<h1>Using the Mann-Whitney U Test</h1>
USES PYTHON 3.x

This notebook will run through how to do the <a href="https://en.wikipedia.org/wiki/Mann%E2%80%93Whitney_U_test">Mann-Whitney U test</a>, comparing the word usage across two corpora.

First we will specify all the directories and filenames that will be used in our code.
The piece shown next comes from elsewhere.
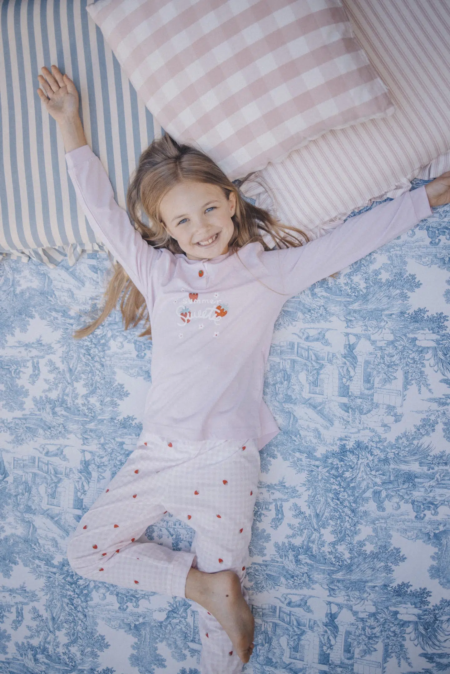 Pigiama bambina 100% cotone, con top a manica lunga e collo due bottoni decorato da una dolce stampa con fragole e scritta. I pantaloni lunghi con polsino presentano una fresca fantasia vichy rosa con dettagli di fragoline per un look vivace.

Keeping them up here makes them easier to find and change later.

In [14]:
CORPUS1_PATH = "corpus1/" # The directory to look in for all the text files to be analyzed.
CORPUS2_PATH = "corpus2/" # The directory to look in for all the text files to be analyzed.

#The names (and locations) of the csv files that will be created:
WORD_FREQUENCY_CSV_FILENAME1 = "Corpus1Frequencies.csv"
WORD_FREQUENCY_CSV_FILENAME2 = "Corpus2Frequencies.csv"
CORPUS_COMPARISON_FILENAME = "CorpusCompare.csv"
WORD_LIST_FILENAME = "words.txt"

<h1>Find All the Files to be Analyzed</h1>
Same as with the TF-IDF code, this next section is some very simple code that finds all the text files, and then keeps track of where they are located, so that future functions can find them all when they need to do processing on them. This is cheaper than trying to keep the contents of all the text files in memory. This is a good starting point for any sort of text analysis.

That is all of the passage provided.